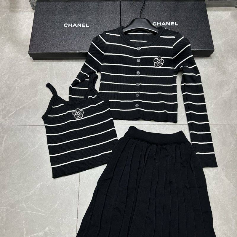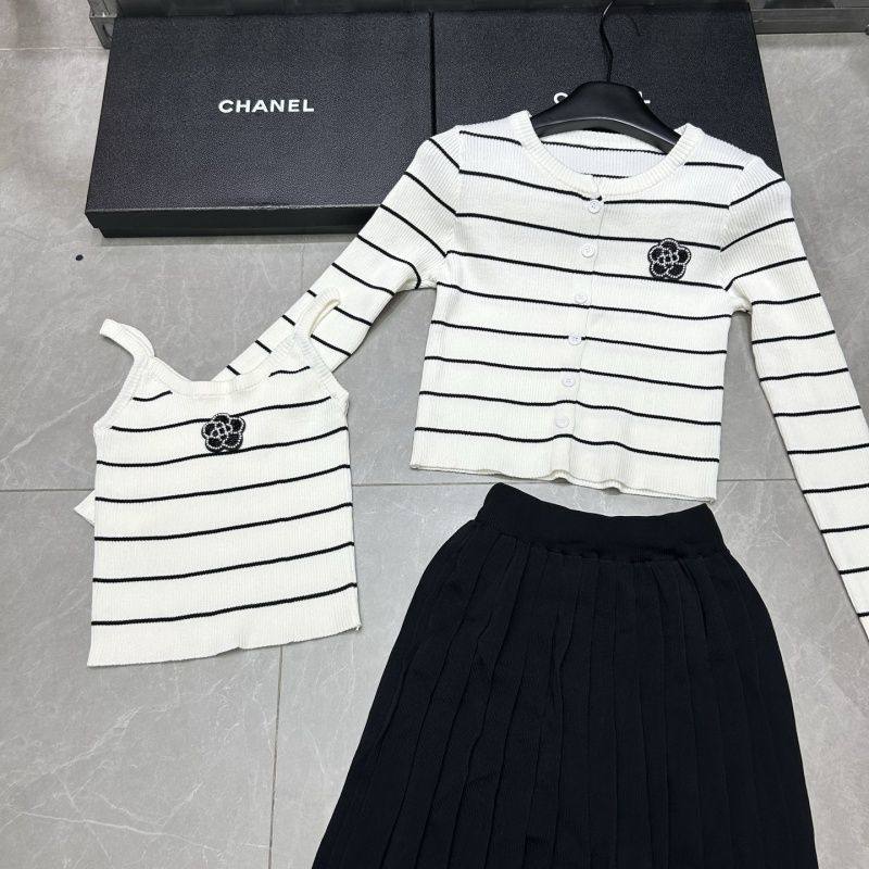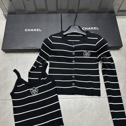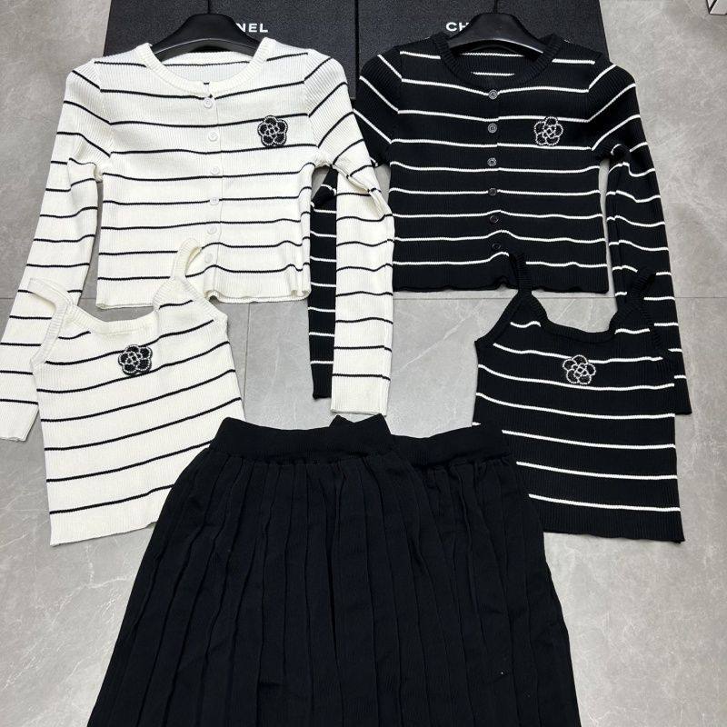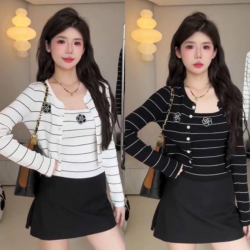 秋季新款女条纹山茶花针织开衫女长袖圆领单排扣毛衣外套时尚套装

+ + + + +

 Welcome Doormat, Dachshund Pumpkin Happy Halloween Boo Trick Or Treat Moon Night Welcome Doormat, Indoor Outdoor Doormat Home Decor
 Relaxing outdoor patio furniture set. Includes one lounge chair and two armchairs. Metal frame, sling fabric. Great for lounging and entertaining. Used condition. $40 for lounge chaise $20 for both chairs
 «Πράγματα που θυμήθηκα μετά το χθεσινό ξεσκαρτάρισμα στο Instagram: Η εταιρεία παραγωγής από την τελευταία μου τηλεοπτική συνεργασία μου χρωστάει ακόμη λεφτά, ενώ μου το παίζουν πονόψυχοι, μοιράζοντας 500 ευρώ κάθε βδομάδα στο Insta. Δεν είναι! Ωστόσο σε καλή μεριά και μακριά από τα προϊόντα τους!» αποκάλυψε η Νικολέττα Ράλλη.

+ + + + +

Task requirements:
In the entries above, find the line holding "Welcome Doormat, Dachshund" and the line holding "η Νικολέττα Ράλλη."; print both of them and every line between, exactly, and nothing else.

Exercise answer:
 Welcome Doormat, Dachshund Pumpkin Happy Halloween Boo Trick Or Treat Moon Night Welcome Doormat, Indoor Outdoor Doormat Home Decor
 Relaxing outdoor patio furniture set. Includes one lounge chair and two armchairs. Metal frame, sling fabric. Great for lounging and entertaining. Used condition. $40 for lounge chaise $20 for both chairs
 «Πράγματα που θυμήθηκα μετά το χθεσινό ξεσκαρτάρισμα στο Instagram: Η εταιρεία παραγωγής από την τελευταία μου τηλεοπτική συνεργασία μου χρωστάει ακόμη λεφτά, ενώ μου το παίζουν πονόψυχοι, μοιράζοντας 500 ευρώ κάθε βδομάδα στο Insta. Δεν είναι! Ωστόσο σε καλή μεριά και μακριά από τα προϊόντα τους!» αποκάλυψε η Νικολέττα Ράλλη.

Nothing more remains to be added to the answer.